Estate and mortgage

Bond Yields Push Mortgage Rates Down Slightly This Week

The 15-year FRM this week averaged 4.54 percent with an average 0.6 point, down from last week when it averaged 4.58 percent. A year ago at this time, the 15-year FRM averaged 5.90 percent. Five-year Treasury-indexed hybrid adjustable-rate mortgages (ARMs) averaged 4.59 percent this week, with an average 0.6 point, down from last week when it averaged 4.67 percent. A year ago, the 5-year ARM averaged 5.97 percent. One-year Treasury-indexed ARMs averaged 4.62 percent this week with an average 0.6 point, down from last week when it averaged 4.69 percent.

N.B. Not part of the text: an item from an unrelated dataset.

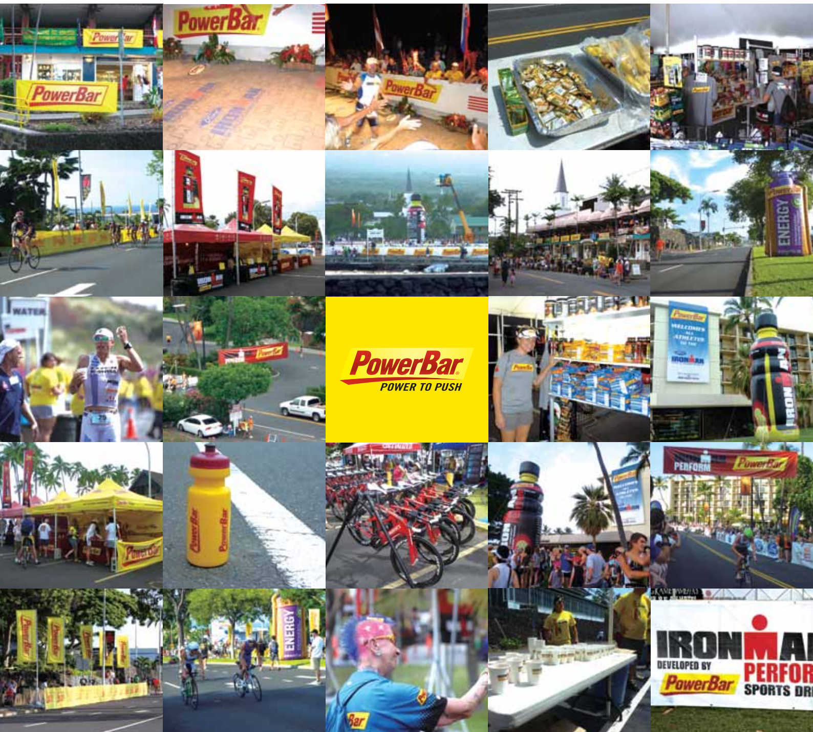
Date 2011年10月8日(土)

50カ国以上、約2000人のアスリートのパワーの源となったPowerBar。スポーツエリートが行く手を、大勢の観客と共に大いに賑わした。

At this time last year, the 1-year ARM averaged 5.15 percent. "Bond yields pushed mortgage rates slightly lower this week," said Frank Nothaft, Freddie Mac vice president and chief economist. "Low mortgage rates are helping to keep housing very affordable. Seven of the top eight most affordable months occurred during this year, according to the National Association of Realtors" (NAR) Housing Affordability Index, which dates back to 1971. As a result, pending sales of existing homes rose for the sixth straight month in July, a trend not seen since the NAR began reporting data in 2001. Moreover, July"s sales were the strongest since June 2007." "Overall, inflation remains in check while certain sectors of the economy are experiencing some improvement. The core price index on consumer expenditures, a key indicator tracked by the Federal Reserve, rose 1.4 percent in July from the same time a year earlier and represented the smallest 12-month increase since October 2003. Meanwhile, the manufacturing industry expanded for the first time in 19 months, according to the Institute of Supply Management."